Consumers and family members can help design surveys and "report cards"
on services. With consumer and family participation, it is more likely that
report cards will reflect real-life experiences of consumers: Did they get help
applying for benefits? Did they receive help in finding housing and/or
employment? Were they treated with respect?
Consumers and families generally respond to such surveys
if they feel the results will be made known to them and will lead to any
corrective measures indicated. In some places, consumers and family members
have gone beyond these efforts to form consumer satisfaction teams, which work
with the system to formally evaluate services through site visits, surveys, and
interviews with clients. When efforts of this nature are paired with a
commitment by providers to make improvements in services based on the team's
findings, significant progress can be made.
Example:
Consumer Surveys, Center for Mental Health Services
Under the auspices of the Center for Mental
Health Services and its Mental Health Statistics Improvement Program, consumers
and professionals have worked together to develop consumer surveys that are now
in use in a number of states. These surveys, which in some states have been
translated into Spanish, Cambodian, traditional Chinese, Portuguese, Russian,
and Vietnamese, among other languages, provide an opportunity for consumers to
indicate how well services do or do not work for them.
Example:
Consumer Satisfaction Team, Philadelphia (PA)

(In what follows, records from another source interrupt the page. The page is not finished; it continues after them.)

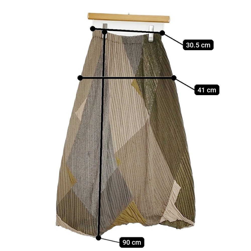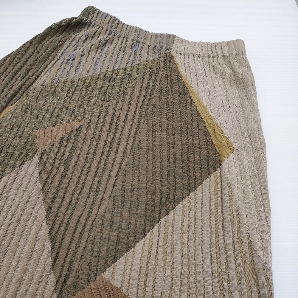 JURGEN LEHL Link Knit Wool-Cotton Long Skirt (J0193KS201), Beige/Khaki, Women's, Pre-owned, Model 5-1115T
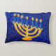 Gold Menorah Blue Faux Glitter Decorative Cushion
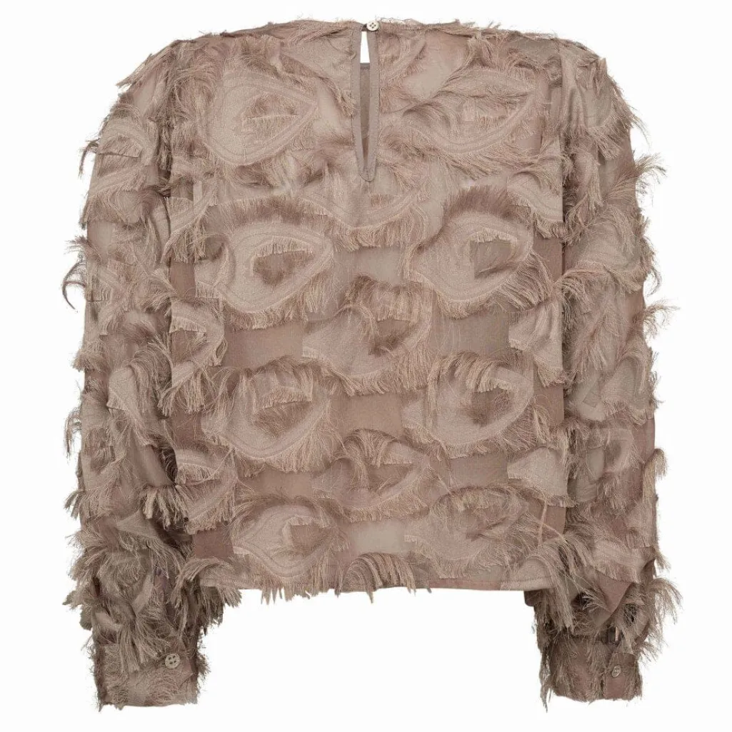 Brun bluse fra Co’Couture i valnødfarvet polyester. Blusen har en struktureret overflade med lag af ruflede detaljer og lange ærmer med rund halsudskæring.
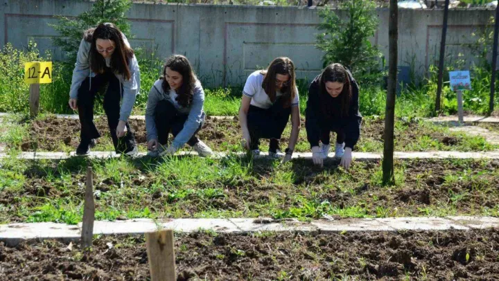 Her sınıf için bahçede küçük bir adacık yaptıklarını söyleyen Tekin, 'Öğrenciler sınıf öğretmenleriyle beraber sebze, meyve, çiçek dikiyorlar. Öğrencilerimizin sofralarına gelen sebze ve meyvenin ne kadar büyük bir zahmetle üretildiğini öğrenmelerini istiyoruz. Teşbihte hata olmazsa öğrencilerimize aç kalmamayı öğretiyoruz. Okulun sadece a, b, c, d, e şıklarından oluşan soruların yeri olmadığını öğrensinler istiyoruz. Hayatı yaparak ve yaşayarak öğrenmelerini istiyoruz. Öğrenciler sınav kaygısının önüne geçmeleri için de iyi bir terapi oluyor. İnşallah bunu daha ileri boyuta taşımayı istiyoruz. Bu işin esas mutfağında da öğretmen arkadaşlarımız var. Öğrencilerimiz soğan, sarımsak, kıvırcık ekmeye başladı. Bu haftadan itibaren ekimler hızlanmaya başlayacak. Fideler çıkmaya başlayınca domates, salatalık, biber, patlıcan ekmeye de başlayacağız' şeklinde konuştu.
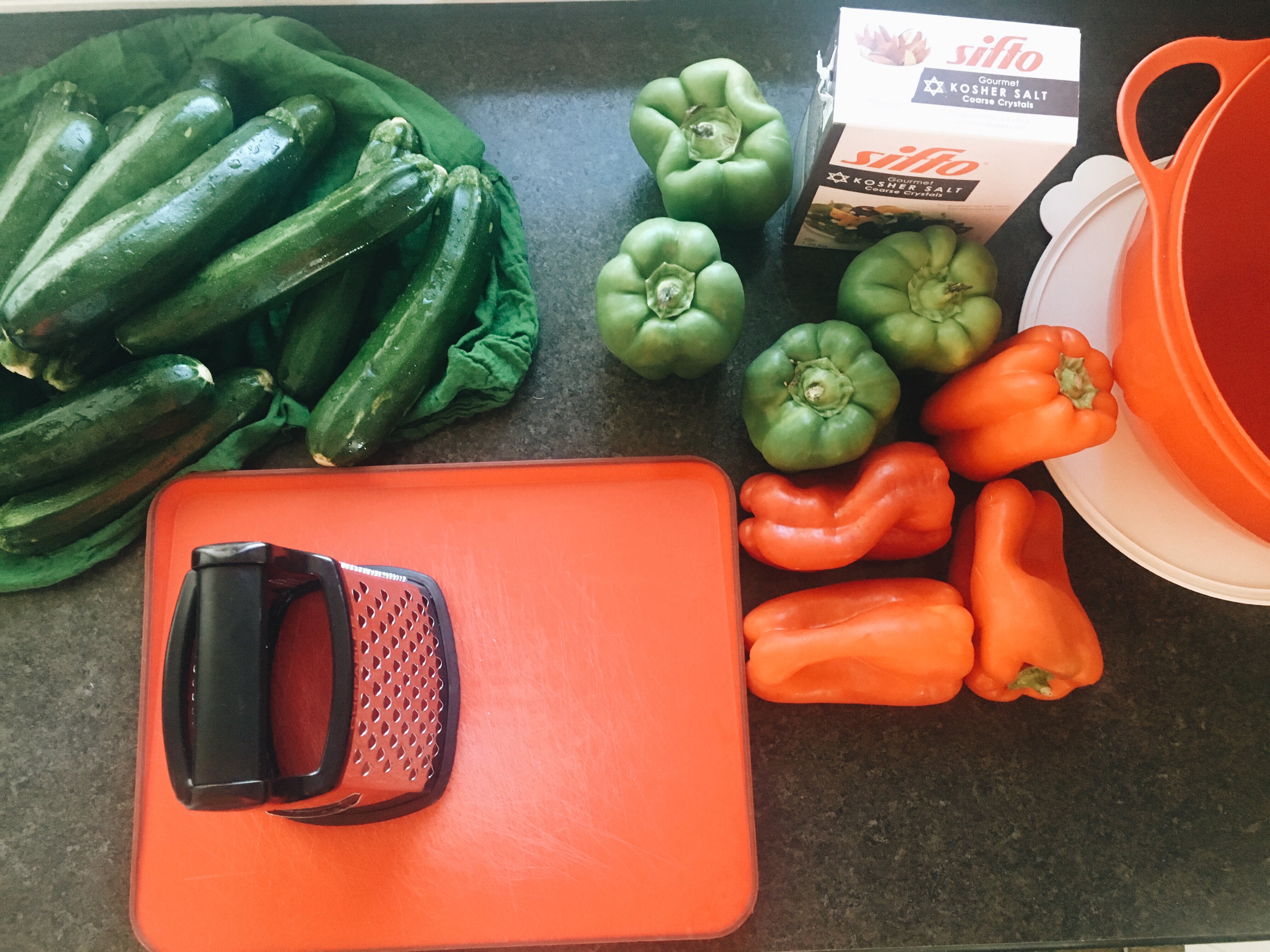 this time of year I have to buy zucchini at the grocery store… but if you are smart and plan ahead you have made this in the fall with the over-abundance from your zucchini harvest and are all set to go…
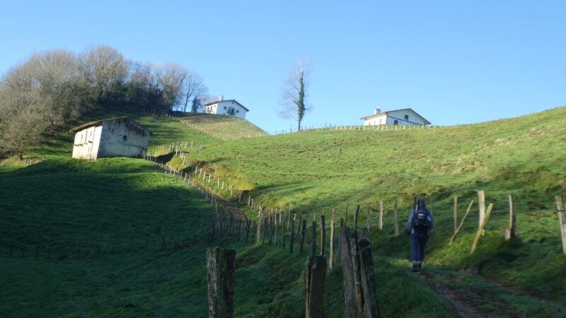 Varios caseríos en escenario campestre sorprenden al caminante, Sorozarreta, Añarre zarra (agroturismo) y Oiarzabal dan paso a un conjunto de pinos y eucaliptus y luego Bordaberi nos guía hasta el bar merendero Listorreta, puerta en este extremo del Parque natural de Aiako harria. El siguiente punto de encuentro es la popular taberna Fransilla berri y luego Fransilla zarra, con su cercana cista megalítica de nombre ” Mariola”, paso para iniciar la preciosa subida hasta la cima de Santiago Mendi ( 298 m) coronada por una importante ermita muy vinculada a la ruta Jacobea, y su adosado albergue juvenil.

In 1990, a Consumer Satisfaction Team (CST) was
developed in Philadelphia. At the time, a state hospital was closing and
patients from the hospital were being transferred to community services. Family
members and consumers, skeptical of the system's commitment to provide adequate
services, coalesced to form the CST. The consumers and family members won
support of local authorities for incorporation of the CST's findings in the
overall evaluation of the system's ability to provide services in the
community. Relying primarily on multiple interviews with consumers at different
agencies, the CST was able to document consumer views on provided services. The
Philadelphia CST has served as a model for a number of state and local systems
wishing to formalize methods for obtaining consumer feedback.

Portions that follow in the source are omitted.